» The input
[Start of section]

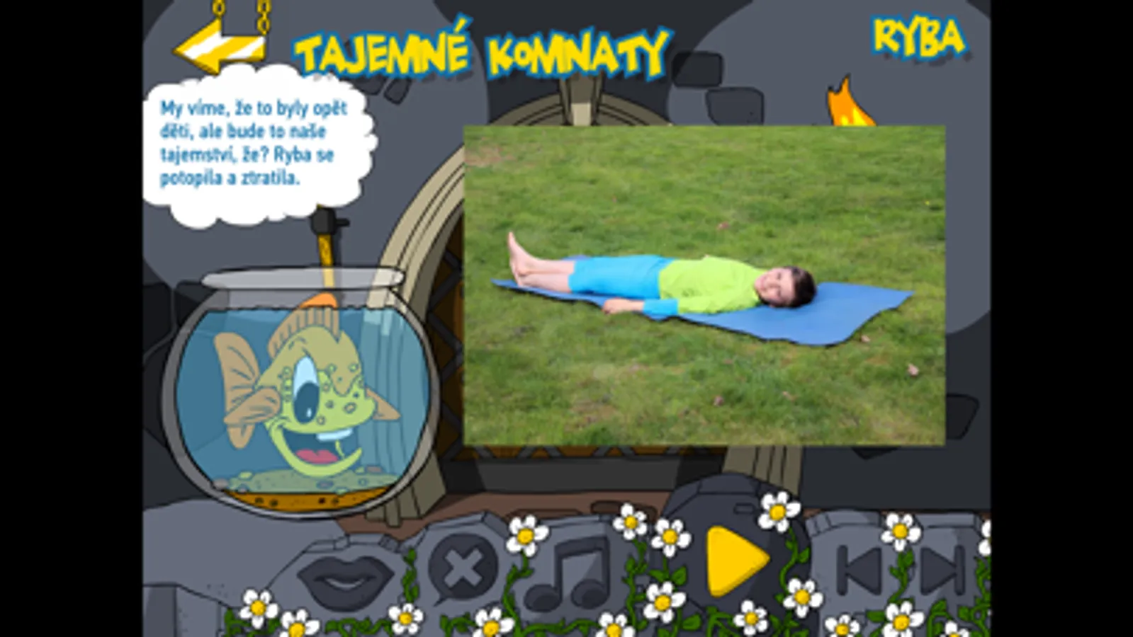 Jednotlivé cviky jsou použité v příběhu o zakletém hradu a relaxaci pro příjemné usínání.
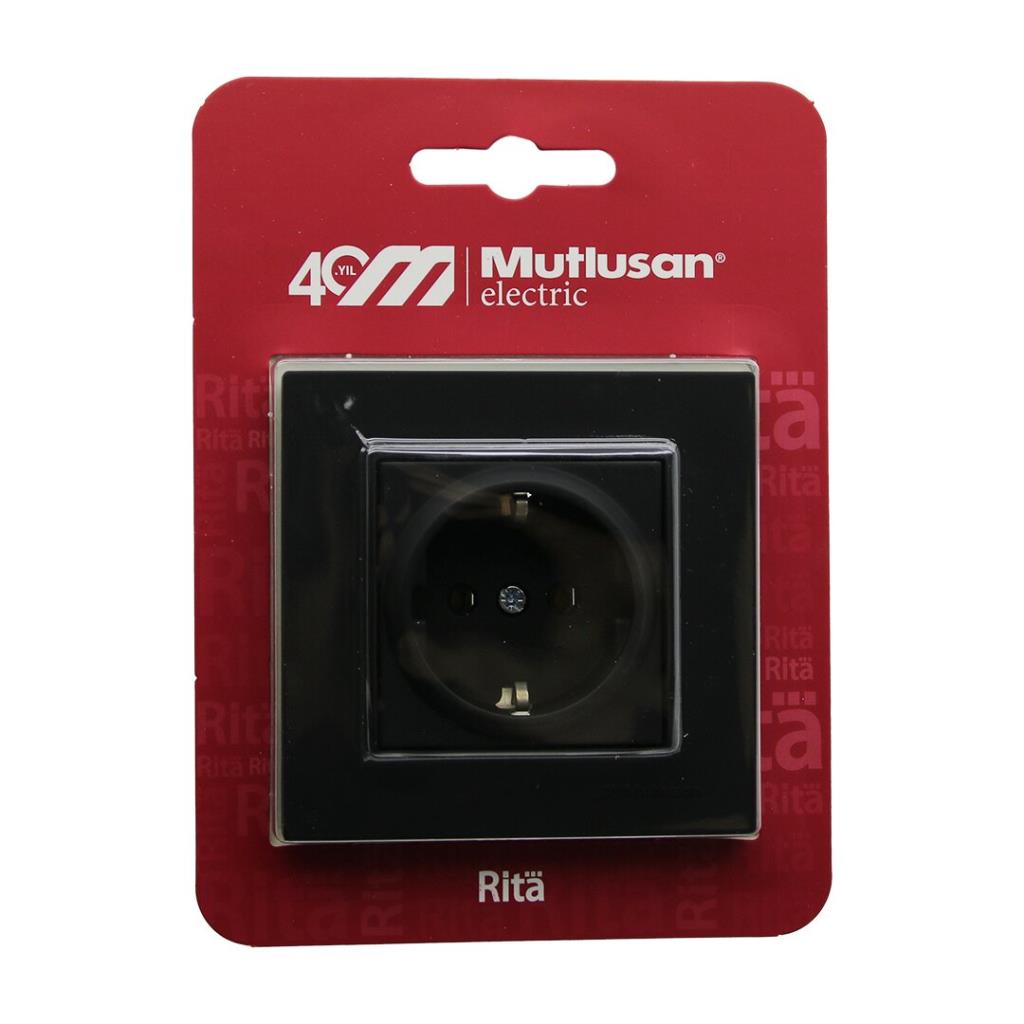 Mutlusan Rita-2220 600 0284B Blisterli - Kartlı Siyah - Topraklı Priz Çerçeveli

[End of section]
[Start of section]

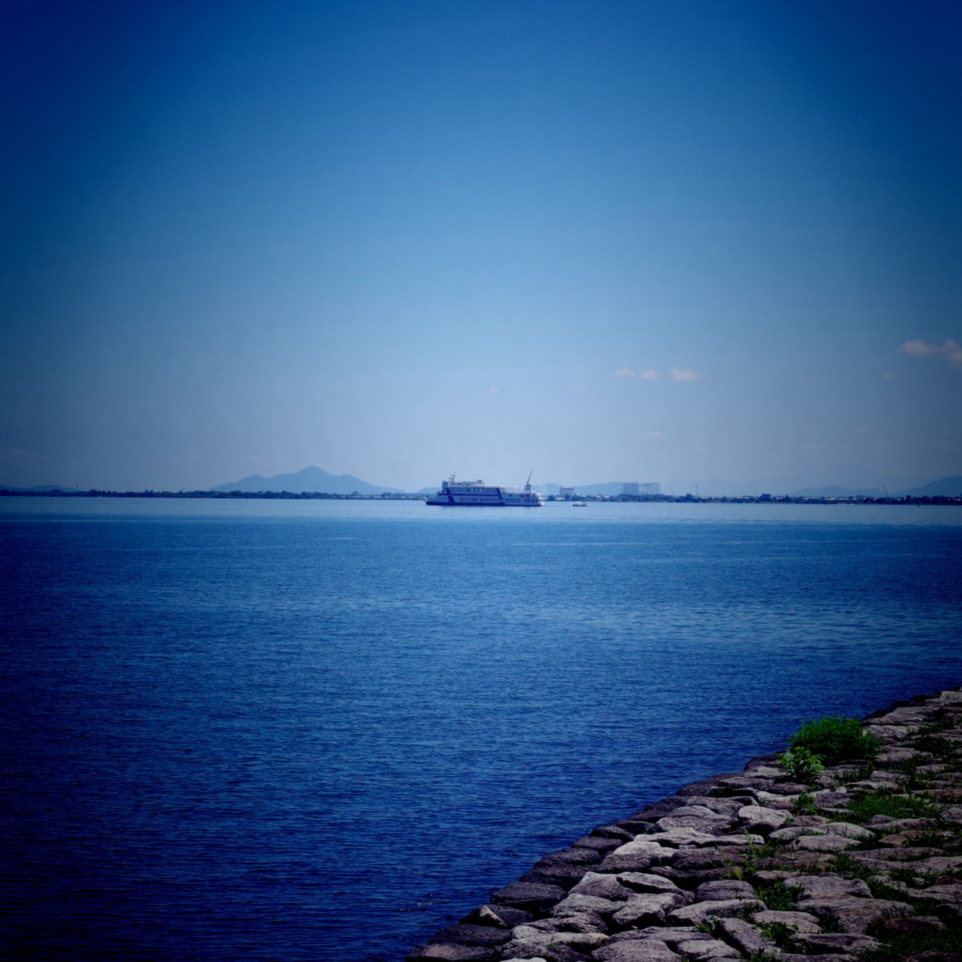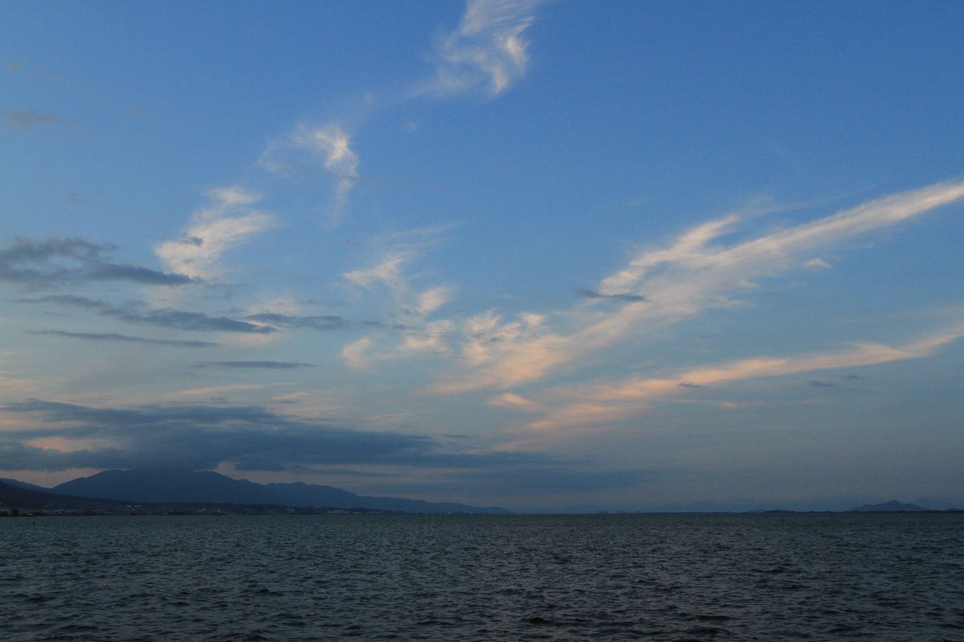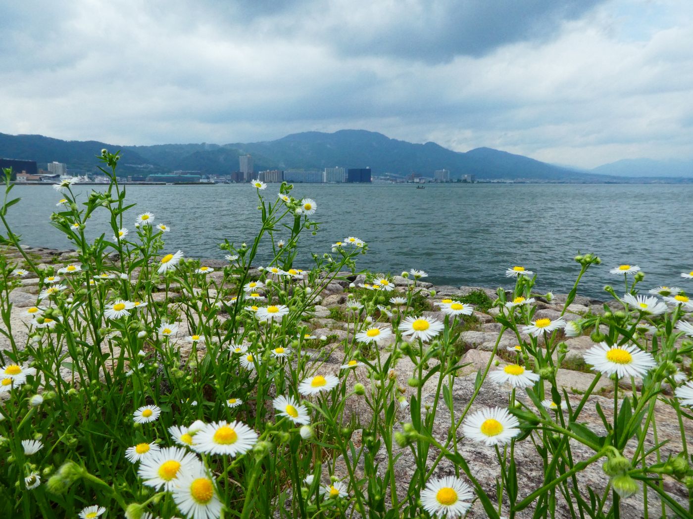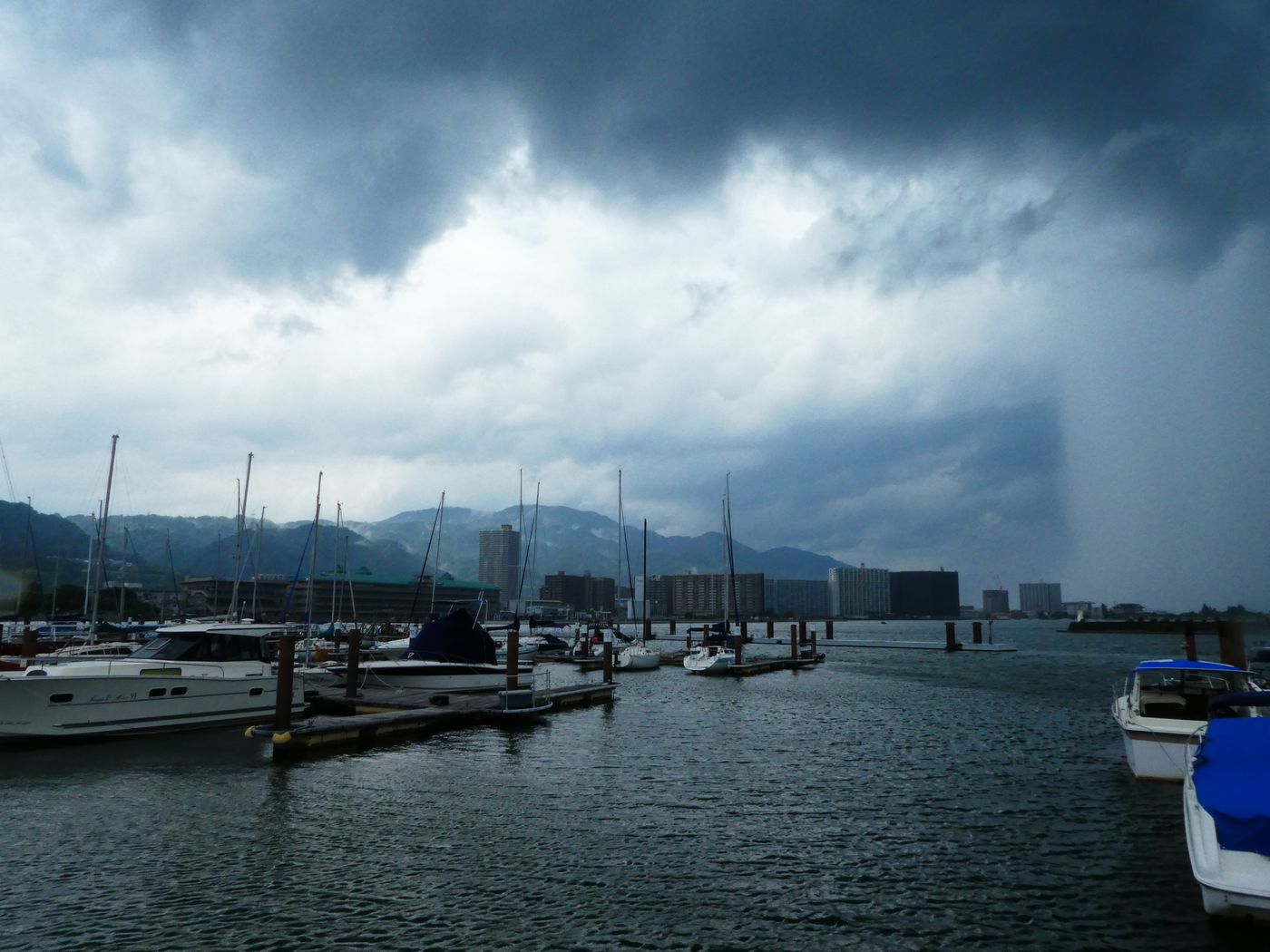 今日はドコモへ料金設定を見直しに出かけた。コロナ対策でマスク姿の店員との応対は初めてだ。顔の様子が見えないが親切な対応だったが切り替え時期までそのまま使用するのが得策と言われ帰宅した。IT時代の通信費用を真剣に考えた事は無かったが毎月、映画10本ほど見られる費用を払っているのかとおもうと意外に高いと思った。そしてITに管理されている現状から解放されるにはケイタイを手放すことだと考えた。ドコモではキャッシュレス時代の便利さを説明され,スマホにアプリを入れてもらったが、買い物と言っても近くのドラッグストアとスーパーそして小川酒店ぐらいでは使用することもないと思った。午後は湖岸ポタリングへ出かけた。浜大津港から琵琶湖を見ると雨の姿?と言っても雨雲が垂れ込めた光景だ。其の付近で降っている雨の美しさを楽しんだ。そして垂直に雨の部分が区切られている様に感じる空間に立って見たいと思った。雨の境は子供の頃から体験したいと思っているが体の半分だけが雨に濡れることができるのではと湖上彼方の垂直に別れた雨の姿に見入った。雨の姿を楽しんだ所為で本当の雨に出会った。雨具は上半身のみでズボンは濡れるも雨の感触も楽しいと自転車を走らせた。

[End of section]

» Brief
Starting at the line with "Jednotlivé cviky jsou" in the entries above, write out every line exactly until the line with "Mutlusan Rita-2220 600" has been written. Include no pictures and nothing more.

» Your response
 Jednotlivé cviky jsou použité v příběhu o zakletém hradu a relaxaci pro příjemné usínání.
 Mutlusan Rita-2220 600 0284B Blisterli - Kartlı Siyah - Topraklı Priz Çerçeveli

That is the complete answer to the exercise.